The war began in 1998 after a split developed between Uganda and Rwanda, and the then Congolese president, Laurent Kabila. The two countries had been instrumental in bringing Kabila to power a year earlier — toppling long-time ruler Mobutu Sese Seko in the process.

Rebels backed by Rwanda and Uganda took up arms against Kabila after he proved less pliable than his former supporters had hoped. Most notably, the Congolese president failed to contain Hutu militants responsible for Rwanda’s 1994 genocide who had fled to the DRC — and who were launching cross-border attacks on Rwanda.

Thanks to the intervention of Angola, Namibia and Zimbabwe, Kabila was able to avoid being ousted as his predecessor had been — although he was later assassinated. But, the presence of foreign troops on Congolese soil came at enormous financial cost to the country: states involved in the conflict have been implicated in illegal resource exploitation in the DRC, which has extensive mineral, diamond and timber reserves.

Towards the end of last year, Rwandan President Paul Kagame again threatened to deploy troops in the DRC to deal with Hutu militants — and reports emerging from Congo indicated that Rwandan soldiers had indeed crossed the border into the DRC.

“Unfortunately, Rwanda still remains in Congo. Kagame is still using the pretext of self defence to keep his troops in the Congo. Something must be done about Rwanda’s meddling in Congo’s affairs,” Aisa researcher Yazini Funeka April told conference participants Thursday.

However, Copan chair Yves Kamangu cautioned against blaming Kigali for the ills affecting the DRC.

“We Congolese people failed to address our internal problems like disarming the interahamwe. That’s why we are facing the consequences now. We look for scapegoats and accuse others of being the sources of our problems,” he noted. The Kinyarwanda word “interahamwe”, variously interpreted as “those who attack together” or “those who stand together”, was the name given to perpetrators of the Rwandan genocide.

Talks to end fighting in Congo-Kinshasa were hosted by South Africa, and resulted in the creation of an interim government which includes former rebel leaders, representatives of the civilian opposition and members of the Kinshasa government led by Joseph Kabila — son of the late Laurent Kabila.

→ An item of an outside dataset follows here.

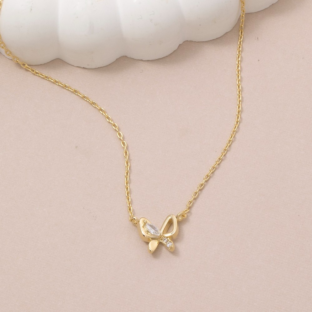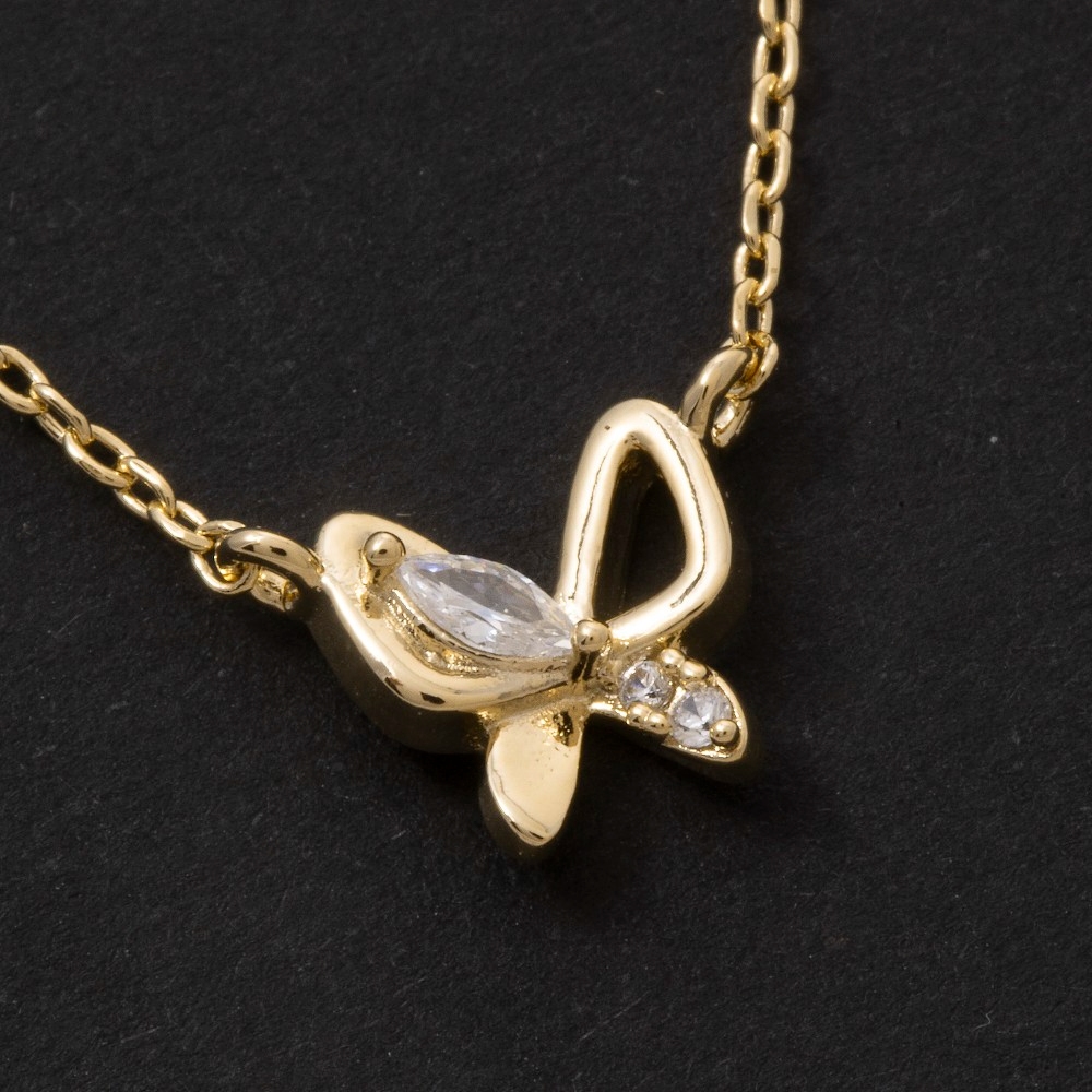 This piece is the perfect way to add some glamour to your look, this pendant necklace carries a charming gold dipped cubic zirconia butterfly design. Elevate your style effortlessly with this versatile pendant necklace, enhancing the appeal of any ensemble. This item is sold in packs of 12.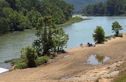 Huge windows and doors from the living area that open up to the deck outside where you can enjoy our beautiful Current River only a few feet away! Gravel bar right in front of the house and boat access only a short distance.

However, some delegates at Thursday’s conference argued that ordinary Congolese citizens had been largely excluded from the peace process — and that they needed to join forces at a local level to ensure that their concerns were heeded by national authorities.

“We need to reconstruct Congo. Congolese people should re-organise themselves at lower levels like provinces. Once they have organised themselves, they should exercise self-rule before, voluntarily, coming together to form the greater Congo,” said Kamangu.

He carefully noted that this vision of decentralisation did not amount of a call for secession — an inflammatory subject in a country where the attempted breakaway of south-western Katanga province, in 1960, was crushed.

“We are not advocating secession. Congo, the second largest country is Africa, is made up of so many ethnic groups, so you can’t expect it to be ruled from Kinshasa by people who do not understand the local problems being experienced in the provinces,” said Kamangu.

Thursday’s conference also touched on the elections that are scheduled to take place in the DRC in June.

Dirk Kotze, a political science lecturer at the University of South Africa, questioned whether a two-year transition period was long enough to instill confidence amongst Congolese that bodies such as the courts — which may play an important role in determining the legitimacy of the poll — are able to act independently. The transition period began after the 2002 peace accord.

“Transitional periods are for confidence building. The longer the transitional period, the better for confidence building,” said Kotze, noting that the importance of an effective court system had been shown during the US presidential election of 2000.

“People went to court and the court declared that (George W.) Bush won the elections — and the American people accepted the court’s ruling. Otherwise, without institutions like courts, (Democratic challenger) Al Gore would have gone to the bush to fight.”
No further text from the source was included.